In ons recente onderzoek naar voorstellingen van heil bij pioniers zie je een enorme rijkdom, maar in het algemeen zie ik drie groepen: 

  • Pioniers die (nog) heel goed kunnen werken met een klassieke heilstheologie van hemel, hel, oordeel en persoonlijke redding. Zij werken vaak met asielzoekers, valt me op.
  • Pioniers die hier niet zo goed meer mee uit de voeten kunnen, maar tegelijk zich ongemakkelijk voelen daarover, en nog niet echt iets hebben gevonden dat hen opnieuw kan bezielen. Dit zijn vaak wat jongere mensen in hun eerste baan, met een evangelicale achtergrond.
  • Pioniers die een eigen heilstheologie hebben gevonden en verder ontwikkeld door de jaren heen. Zij zijn vaak al wat ervarener, en meestal ook al in hun tweede of derde baan. Zij zijn – misschien niet toevallig – ook geschoolde theologen.
Tot slot wat ideeën van mezelf

Volgens mij draait het grote verhaal van de Bijbel om de eenheid van God en Zijn schepping. Ik zie het Koninkrijk van God, de toekomst van God, primair als een gemeenschap van verzoende mensen die in harmonie leven met de schepping. Wij zijn op aarde, wij zijn mens om God lief te hebben boven alles en onze naaste als onszelf. Dat is het grote gebod, en alles hangt daaraan.

Dit grote verhaal van gemeenschap en liefde roept allerlei vragen en perspectieven op, omdat er allerlei kloven door de mensheid lopen. Bijvoorbeeld:

  • Hoe kan dit een gemeenschap zijn waar daders en slachtoffers samenleven? Het betekent dat je in gaat zien dat de meest idealistische weg ook een weg is naar nieuw geweld en polarisatie.
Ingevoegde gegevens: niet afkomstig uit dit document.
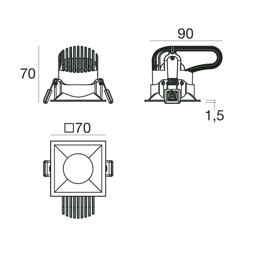 Downlights a singola emissione per applicazione indoor. La sorgente luminosa LED, di colore bianco naturale, con distribuzione luminosa Medium Flood, è composta da 1 LED arrayled, con una CCT 4000 K ed un CRI 95; il flusso luminoso della sorgente è di 842 lm, con un'efficienza nominale di 105.3 lm/W. Il corpo dell'apparecchio, realizzato in alluminio, presenta una finitura di colore oro, ottenuta tramite verniciatura. Il grado di protezione è IP44; il peso complessivo è di 0.26 kg. Il driver d’alimentazione non è fornito e deve essere ordinato separatamente. La potenza assorbita dall'apparecchio è di 8 W. Il cavo per l'alimentazione è incluso e presenta. L'apparecchio presenta una classe di isolamento III ed è installabile a soffitto, con foro quadrato con misura 64 x 64 mm (nel cartongesso).
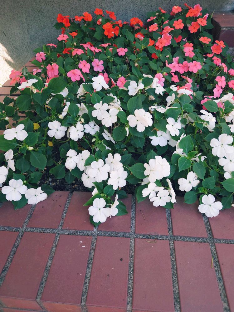 北側&木陰であまり日当たりが良く無い花壇に植えた、インパチェンスがモリモリに🌺
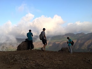होचायला आम्हाला आठ-सव्वाआठ झाले. मग थोडा श्वास घेतला, घरी फोन करून सुखरूप असल्याच सांगितलं. गुहेत उंदीर फिरत होते, म्हणजे सापाची सुद्धा शक्यता नाकारता येत नाही. आणि पहाटे थंडी वाजली तर उब मिळावी म्हून काही तरी सोय करणे गरजेच होता म्हणून थोडे शांत झाल्यावर आम्ही सरपण आणायला गेलो. सगळ वाळलेलंच होतं, सहज मोडत होतं. चारजणांनी मिळून भरपूर सरपण गोळा करून गुहेत आणून टाकलं. पूर्वी कोणी तरी तेलाची एक बाटली गुहेत ठेवली होती, काही वाती होत्या. काडेपेटी आम्ही बरोबर नेलेली. त्यामुळे शेकोटी करणं फार अवघड गेलं नाही. सहज पेटलं. मग आम्ही गुहेच्या बाहेर अंथरूण टाकलं आणि जेवायला बसलो. घरून भाकरी, बटाट्याची भाजी, सोलापूरची प्रसिद्ध शेंगदाण्याची चटणी असा मस्त बेत होता. पोट भरून जेवण झाल्यावर कुशलनी सॅक मधून कलिंगड काढलं. मग मस्त कलिंगड खाल्ल. तोपर्यंत काळ्या ढगांनी भरून गेलेलं आभाळ थोडं मोकळं झालं आणि सुंदर चंद्र बाहेर आला. चंद्राचा शांत, सुंदर निळा प्रकाश सर्व सह्याद्रीवर पसरला. रात्रभर चंद्राचा सुंदर शांत, प्रकाश कायम होता. गुहेच्या बाहेर गार वार आणि गुहेत शेकोटीमुळे उबदार हवा तयार झाली होती. मग आम्ही गुहेच्या तोंडापाशी अंथरूणं घातली. निनाद बेडेकर यांची एक आवडती कविता होती. कविता कुसुमाग्रजांची आहे. कवितेचं नावं आहे ‘निर्धार’ झोपण्यापूर्वी निनादरावांच्या आवाजात ती कविता आम्ही ऐकली (या ओळी त्याच कवितेमधल्या आहेत). गप्पा मारत बसलो. ते गप्पांचे विषय चारचौघात सांगायचे नसतात. दमलो तर खूप होतो त्यामुळे डोळ्यात झोप मावत नव्हती. बरोबर आणलेला टॉवेल डोक्याखाली घेतला आणि डोळे बंद केले… इतकी शांत झोप पुण्यात कधीच लागत नाही. त्यासाठी इतकं दमाव लागतं, सुंदर निसर्ग बघावा लागतो, गार वाऱ्याच्या समोर उभं राहून सर्व थकवा गळून जावा लागतो, तेव्हा अशी शांत झोप लागते. झोपेत मला तर स्वप्नही पडलं.
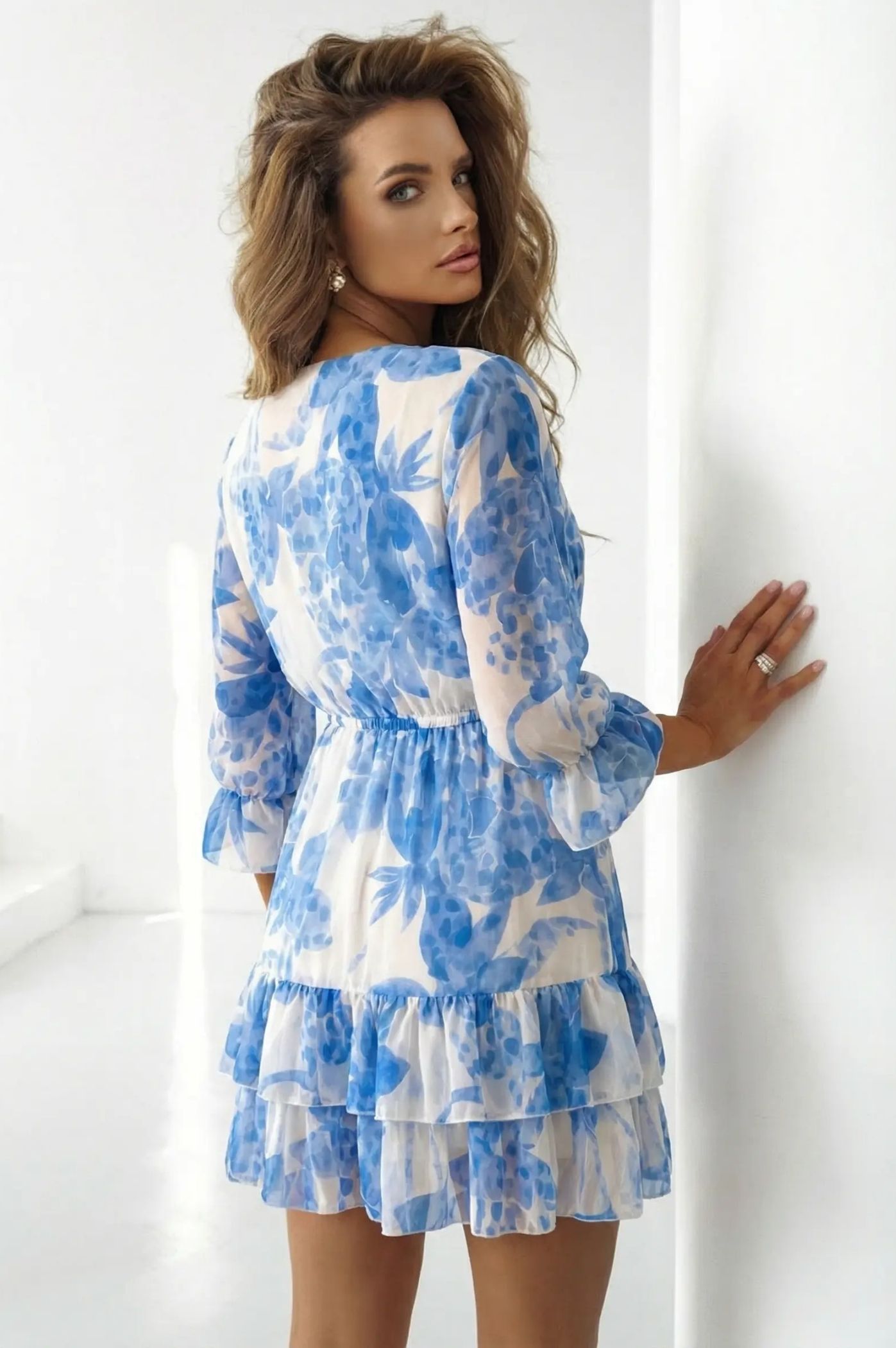 Πρόσθεσε μια πινελιά ρομαντισμού και φρεσκάδας στις εμφανίσεις σου με το floral μίνι φόρεμα. Αυτό το φόρεμα είναι η απόλυτη επιλογή για chic ανοιξιάτικες και καλοκαιρινές εμφανίσεις, από ένα πρωινό brunch μέχρι μια επίσημη κοινωνική εκδήλωση. Εντυπωσιακό μοτίβο με λουλούδια που εκπέμπει φινέτσα και αέρινη διάθεση. Κολακευτικό κρουαζέ ντεκολτέ σε σχήμα V που αναδεικνύει το μπούστο με έναν κομψό τρόπο. Το κάτω μέρος του φορέματος αποτελείται από διαδοχικά βολάν, δίνοντας κίνηση, όγκο και μια παιχνιδιάρικη αίσθηση σε κάθε σου βήμα. Μακριά, ελαφρώς διάφανα μανίκια που καταλήγουν σε βολάν στις μανσέτες, προσφέροντας μια ρομαντική και αιθέρια σιλουέτα. Διαθέτει λάστιχο στη μέση που τονίζει τη σιλουέτα, εξασφαλίζοντας τέλεια εφαρμογή και άνεση όλη μέρα.
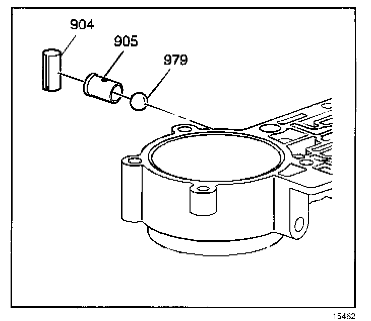1. Remove the Low/Reverse servo piston retaining ring (932). Push on the Low/Reverse apply pin (931) to remove the servo assembly.
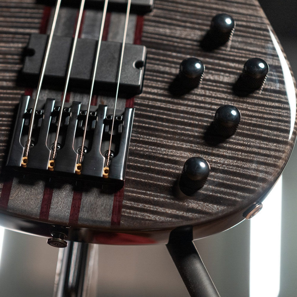 There are two models available: the Cirrus 4-string and 5-string. Each model offers Flame Maple, Flame Maple Trans Black, Flame Maple Trans Blue, or Wenge wood for the top material. The Cirrus 4 offers the additional option of a Quilt Maple top. The maple tops are paired with alder bodies, achieving a harmonious balance of brightness and midrange warmth. Similarly, the pairing of the wenge top with walnut creates a distinctive tonal fusion resulting in a rich, balanced sound. A natural oil finish is used, with the exception of the Flame Maple Transparent Blue and Transparent Black models, which have a corresponding Gloss Burst finish for a dazzling splash of color.
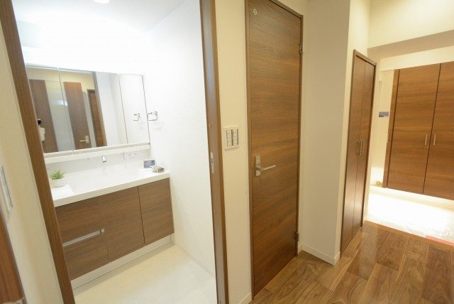 こちらには浴室、洗面台、洗濯機スペース、トイレがまとまっています。
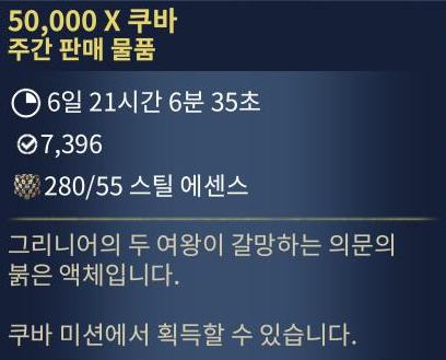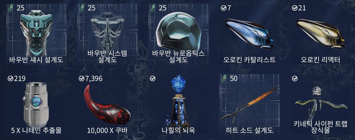 <바우반 부품 25크래드, 카탈 리액터 75크래드, 니테인 x5 15크래드, 쿠바와 무기 설계도 50크래드, 나힐의 뇌옥 60크래드, 키네틱 사이펀 트랩 장식물 40크래드>
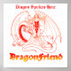 Impresionante poster de una dama atrevida y hermosa con su amigo dragón. Tinta roja vibrante sobre un fondo blanco oscuro con letras de colores feroces que declaran que la dama es amiga de todos los dragones.
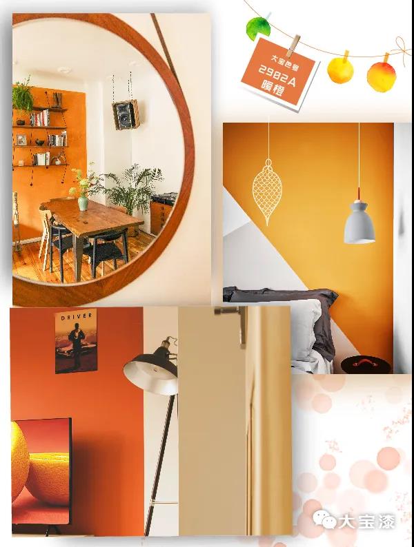 香橙色可作餐廳的布置色,增加食欲;可做臥室背景墻色,愈發(fā)溫暖;用作客廳的點(diǎn)綴色,營(yíng)造空間時(shí)尚格調(diào)。
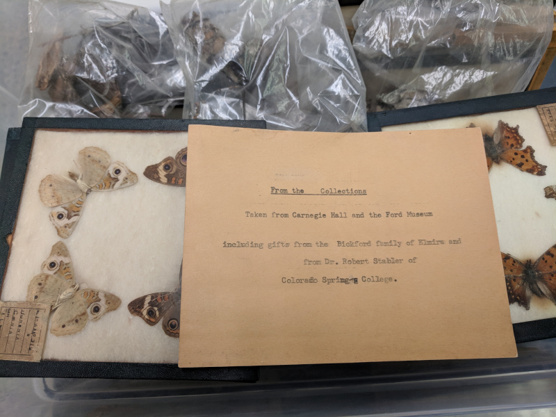| During June of 2010 this collection was found in cigar boxes at the back of a rarely used storage room in Kolker Hall on the Elmira College Campus, this collection appears to have been a part of the Ford Musuem collection.  The Ford Museum was a natural history collection at Elmira College started by Darius Ford in the mid to late 19th century. The presence of this moth collection at Elmira College is likely the work of Professor Elizabeth Leigh Whittacker. Elizabeth Leigh Whittaker was born on 21 September 1874, in Salford, Lancashire, England. She attended Cornell University and received a BA in Biology. In 1905 she joined the Elmira College Faculty. Shortly after her arrival Elmira's long time science professor, Darius Ford, retired. She was a professor at Elmira College for the next 39 years, retiring in 1942. She received an honorary doctorate Sc.D from the college in 1925. The British Government awarded her the King George Medal for her work in British War relief during World War II. She died on 6 April 1954, at the age of 79, and is buried at Trumansburg, New York. I suspect this moth collection was something she may have acquired while at the college. Many specimens within our teaching collection were prepared by Professor Whittacker and many of the slides our students use have her name in beautiful script at the bottom of the labels. All species names listed are those from the specimen labels and may not be accurate identifications or currently valid. This list is a historical record of several collections including an amateur lepidopterist's collection and should not be used for identification. For more information on the collection please contact Dr. Daniel Kjar at Elmira College. |

Het opent de reële mogelijkheid dat je geen deel zult uitmaken van die gemeenschap als je niet bereid bent om vergeving te ontvangen.
  • Hoe kan dit een gemeenschap zijn waar sterken en zwakken samenleven? Leven in de richting van dit Rijk betekent oefening in nederigheid, in afzien van je recht, in leren geven en delen.
  • Hoe kan dit een gemeenschap zijn waar mensen uit verschillende culturen en talen samenleven? Hier gaat het om een zoektocht waarin enerzijds dat wat ons eigen en uniek maakt bewaard blijft, terwijl het tegelijk niet meer ‘verdelend’ werkt.

Ik zie het christelijk geloof dus als een weg waarin we leren om lief te hebben. En die weg is er één waar het Koninkrijk op een mysterieuze manier verbonden is met het kruis (de omkering van verhoudingen, het oordeel over zonde en egoïsme, de verklaring van onbeschrijfelijke liefde). Heil is dan enerzijds dat we als pioniers tekenen en voorbeelden scheppen van dit soort gemeenschap (vaak heel fragiel en tijdelijk), en anderzijds het verhaal blijven vertellen dat dit soort voorbeelden betekenis geeft en zin verleent. Maar ik denk wel dat deze gemeenschapsthematiek ons volop in staat stelt de relevantie van Jezus’ leven, sterven en opstaan te laten zien, en tegelijk volop in de wereld te staan. Want dit leven van Jezus is hét leven. Ik kan het niet anders zien.